The prevalence of diabetes is increasing worldwide due to population growth, aging and increasing frequency of obesity and physical inactivity. Diabetes mellitus is caused by a relative or absolute deficiency of the hormone insulin, which results in the characteristic feature of high blood sugar levels that play a key role in diabetes-associated complications. Inappropriately high levels of the sugar-raising hormone glucagon further aggravate the disease. Therefore, diabetes may be treated by increasing insulin levels and/or action, or inhibiting glucagon production and/or action. In an effort to identify the causes of diabetes, most studies have focused on better understanding the physiology of insulin-secreting beta-cells: despite the importance of glucagon, the counter-regulatory hormone to insulin, little is known about the physiology of pancreatic alpha-cells. Recently, Ms. Eva Tuduri and colleagues established that the hormone leptin controls both the secretion of insulin and glucagon, and thereby regulates blood sugar levels. Leptin is produced by fat cells and the levels of leptin in the blood typically correlate to the total content of fat in the body. Leptin is best known for its effects on feeding centers in the brain, where it regulates both food intake and energy expenditure. Ms. Tuduri’s current research project is focusing on understanding the role of leptin in regulating levels of glucagon, independent of leptin actions on body weight. An inhibitory effect of leptin on the function of alpha-cells could be considered as a potential therapeutic strategy to regulate glucagon levels and to normalize sugar levels in diabetic patients.

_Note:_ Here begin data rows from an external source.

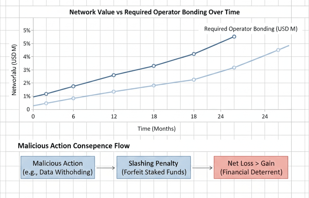 Risiko kritis tersebar melalui kontribusi pool asuransi operator. Walrus memungkinkan penyedia yang menggabungkan premi membentuk cakupan bersama terhadap kegagalan perangkat keras yang berkorelasi. Kerangka berbagi risiko ini memperkuat ketahanan jaringan dalam kesiapan menghadapi kebangkrutan operator individu yang meluas melalui ketergantungan infrastruktur tunggal. Kegagalan sistem jauh lebih kecil kemungkinannya dengan diversifikasi ekonomi.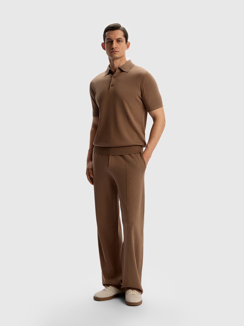 Прямые широкие брюки с застроченными стрелками и карманами — для комфортных расслабленных образов. Внутрь эластичного пояса продет шнурок для регулировки посадки, гульфик расстегивается. Брюки связаны в две нити из легкой и нежной пряжи, в составе которой хлопок и шелк. Комбинируйте с джемпером-поло или футболкой из нашей коллекции. Сделано в Китае.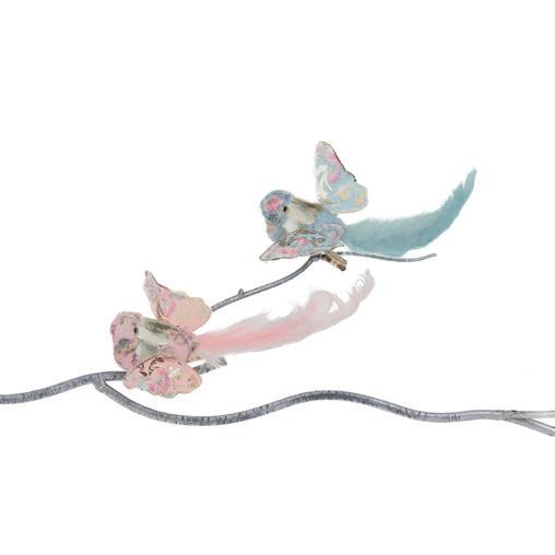 FABR.FLORAL FLY BIRD ON CLIP ASS/2 PNK/BLU 18CM

Every year, 350 to 500 million cases of malaria occur worldwide, resulting in over a million deaths. The majority of these cases occur in sub-Saharan Africa and are responsible for 25 percent of pediatric fatalities under the age of five. In terms of the financial burden, estimates suggest that malaria costs Africa more than $12 billion annually. The global campaign to control and eradicate malaria requires accurate, rapid and cost-effective diagnostic tools. Inaccurate diagnosis results in patients failing to receive needed treatment as well as an overuse of malaria drugs which could contribute to the emergence of drug resistant strains. Currently, the most accurate diagnostic approach requires a trained technician to count the infected cells in a blood sample under a microscope, which is impractical for low-resource regions. Microfluidic devices have shown great potential for cell sorting applications. Such devices can have high selectivity and sensitivity while still being relatively inexpensive to produce. Ms. Sarah Mcfaul is utilizing microfluidics to construct an automated malaria diagnostic test that will be available as a small portable device, requiring no special training to use. Ideally, this automated diagnostic tool will provide sensitivity and quantitative results equal to microscopy, and will also be inexpensively manufactured in order to be accessible to low-resource regions where malaria is a serious threat. Not only will such a device aid in diagnosing malaria, but it will also track the effectiveness of malaria treatments over time in individual patients, enabling clinics can make the best use of their anti-malarial drugs. This in turn will help to lower the number of deaths from malaria and slow the emergence of drug-resistant strains of this deadly parasite.